Figure 5. Biophysical and biochemical characterization of aS-DOPAL monomer and oligomers.

(a) SDS-PAGE of samples from the aS and DOPAL reaction performed at 25 °C for 5 hours collected at different time points. The reaction products were obtained reacting 67 μM aS in a stoichiometric ratio of 1:20 with DOPAL. (b) SDS-PAGE showing the reaction products of 310 μM aS in a stoichiometric ratio of 1:5 with DOPAL. (c) Size-exclusion chromatography of monomeric aS compared to the reaction products of 67 μM aS in a stoichiometric ratio of 1:20 with DOPAL, which are large oligomers eluting in the void volume of the column. The graph also shows the chromatographic profile of aS-DOPAL oligomers in the presence of 0.1% SDS. The elution profile of aS-DOPAL oligomers changes in the presence of SDS and shows peaks at lower molecular weights further confirming that SDS can disaggregate the aS-DOPAL non-covalent oligomers into the ensemble of dimers, trimers and tetramers reported in panel a. (d) TEM image of aS-DOPAL oligomers showing annular shapes. (e) ThT kinetic of aS aggregation alone (full circles) shows the typical sigmoidal shape and lead to the formation of canonical amyloid fibrils. The aggregation process of aS-DOPAL molecules (empty squares) shows that they do not acquire a beta-sheet structure and the final products of the aggregation are not fibrils but amorphous aggregates.

Figure 6. Permeabilization ability of aS-DOPAL oligomers in different membrane models.

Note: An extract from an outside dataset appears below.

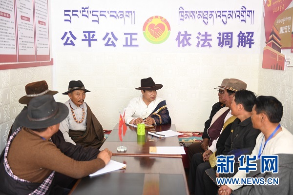 “官卻個(gè)人調(diào)解工作室”(中為官卻)為當(dāng)?shù)厝罕娬{(diào)解矛盾糾紛。新華網(wǎng) 潘彬彬 攝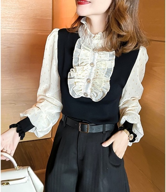 【送料無料】レディース 2カラー トップス フリル ビショップスリーブ ビジューボタン 大人可愛い ママコーデ ママファッション 韓国 オルチャンファッション 人気 トレンド 新作 20代 30代 40代 きれいめ レトロ シンプル お出かけ デート おしゃれ 通勤 通学 オフィス OL デイリー 普段着 ラフ カジュアル フェミニン シック ゆったり 体型カバー 着痩せ 着回し インスタ映え 春 秋 冬 CO2905

(a) Planar Lipid Membrane experiments showing the permeabilization ability of aS-DOPAL oligomers in lipid membranes constituted by POPC/CHO, and relative conductances distribution to characterize the pores formed. The same permeabilization was not present when the planar membranes were prepared with DOPE/DOPG. (b) POPC/CHO SUVs mimicking synaptic vesicles composition and loaded with DA were permeabilized by aS-DOPAL oligomers and allowed the release of DA as measured by monitoring the Tyrosinase dependent Dopachrome formation at 505 nm (blue). When SUVs were not loaded with DA (red) or Tyrosinase was removed from the SUVs solution in the presence of aS-DOPAL oligomers (green), there was no formation of Dopachrome. When only Tyrosinase was added to the DA loaded SUVs (black), a small increase in the measured absorbance was observed probably because of DA leaking. (c) Confocal images of aS-DOPAL oligomers (red) localized at the plasma membrane (green) of BE(2)-M17 cells. (d) Permeabilization of BE(2)-M17 cells by aS-DOPAL oligomers as measured by propidium iodide after 2 and 8 hours treatment. (e) CD measurement of monomeric aS and aS-DOPAL oligomers alone and in the presence or absence of POPC/CHO or DOPE/DOPG SUVs show that aS-DOPAL oligomers can acquire an alpha-helical structure only in the presence of SDS which is able to disaggregate large non-covalent oligomers. (f) AFM images of aS-DOPAL oligomers performed on POPC/CHO lipid monolayer in liquid show that they present the annular shape previously observed by TEM by us and for other aS oligomeric species by others.